We had a Vcenter (appliance) that stopped accepting changes. After some quick investigation we found out the log partition was full. After some clean up and extension + reboot the Vcenter worked fine again but to prevent this from happening in the future we wanted the disk pressure to be monitored by Nagios as well. We already monitored the availability of the web interface, SSH and ping.
Since VMware doesn't support third party software on their appliance software (ESXi,VCSA,vCenter Support Assistant,...) I wasn't keen on having to install the NRPE client again after every update of a VMware appliance. For that I created this solution:
First of all if you didn't do it yet, move your appliance to key based authentication to prevent having to store your password inside a Nagios config file.

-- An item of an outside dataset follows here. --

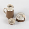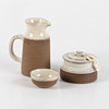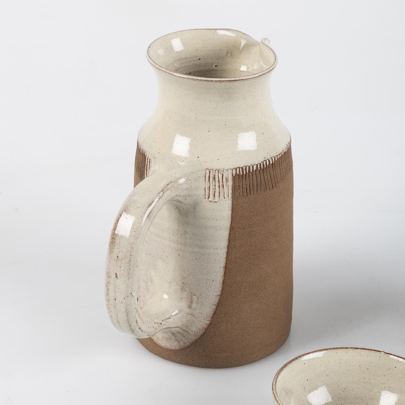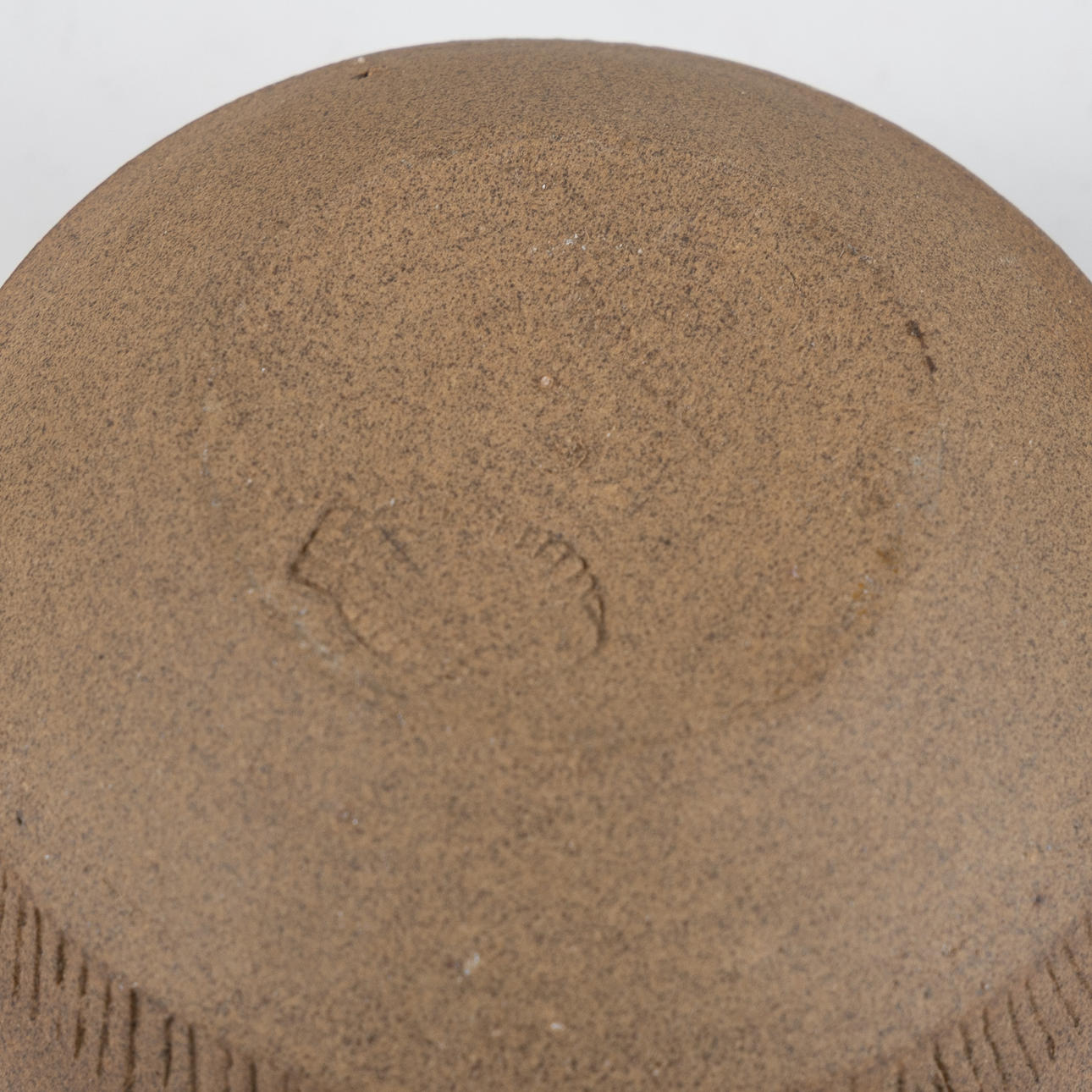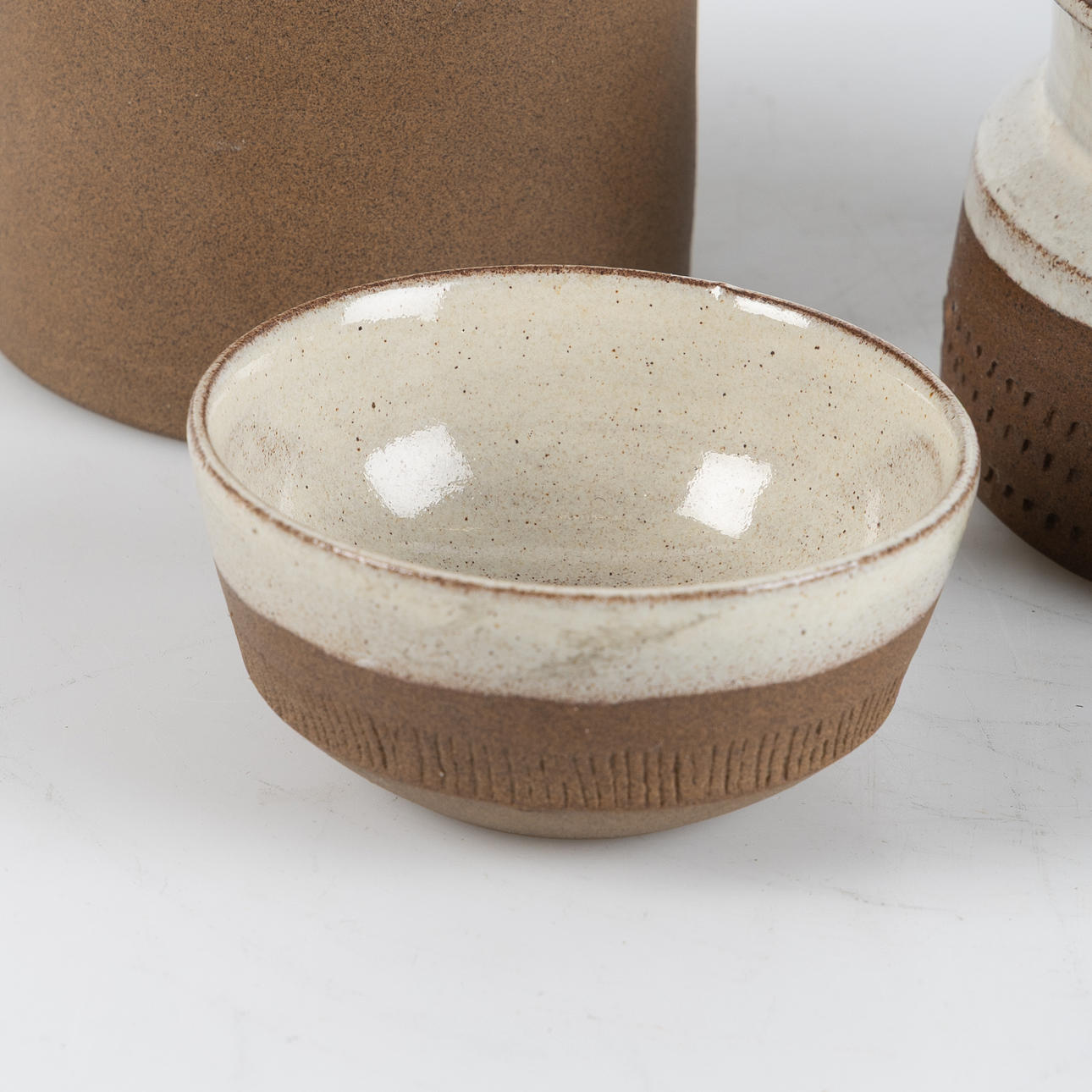 Kanna, skål samt lockburk Inpressad dekor, delvis glaserade Höjd 4,5-18,5 cm.

https://kb.vmware.com/selfservice/microsites/search.do?language=en_US&cmd=displayKC&externalId=2100508
https://kb.vmware.com/selfservice/microsites/search.do?language=en_US&cmd=displayKC&externalId=1002866
I used this guy's script but used a wrapper to prevent having to install the script on the destination host
https://supporthandbook.wordpress.com/2011/10/03/monitoring-hosts-on-nagios-without-nrpe/
And took some ideas from this thread
The script
../../usr/lib64/nagios/plugins/bash_scripts/check_disk_without_nrpe.sh
#!/bin/bash
##checks the used disk space for nagios
##usage disk.sh mountpoint critical_used%value warning_used%value
size=`df -Ph $1 | tail -1 | awk '{print $5}'`
size=$(echo ${size%\%})
if [ $size -gt $2 ]
then
echo "Critical $1 size exceeded $2 % current size $size "
exit 2;
fi
if [ $size -gt $3 ]
then
echo "Warning $1 size exceeded $3 % current size $size"
exit 1;
fi
echo "OK $1 current size $size %"
exit 0;
The wrapper to execute the script on the remote host
../../usr/lib64/nagios/plugins/bash_scripts/check_disk_usage_over_ssh.sh
ssh -oStrictHostKeyChecking=no $2@$1 "bash -s" -- < /usr/lib64/nagios/plugins/bash_scripts/check_disk_without_nrpe.sh "$3 $4 $5" 2>/dev/null
Add this inside ../../etc/nagios/objects/commands.cfg
#Check mount point disk usage over SSH (you will have to add the nagios user key to the user you are trying to connect as)
define command{
command_name check_disk_no_nrpe
command_line /usr/lib64/nagios/plugins/bash_scripts/check_disk_usage_over_ssh.sh $HOSTADDRESS$ $ARG1$ $ARG2$ $ARG3$ $ARG4$ $ARG5$
}
And then implement the check inside the config file for the host you want to check ../../etc/nagios/conf.d/hosts/vcenter.cfg
define service{
use generic-service ; Inherit default values from a template
host_name vcenter.koendiels.be
service_description Check / usage
check_command check_disk_no_nrpe!root!/!90!75
contact_groups it-team
}
Repeat this for every mount point you want to check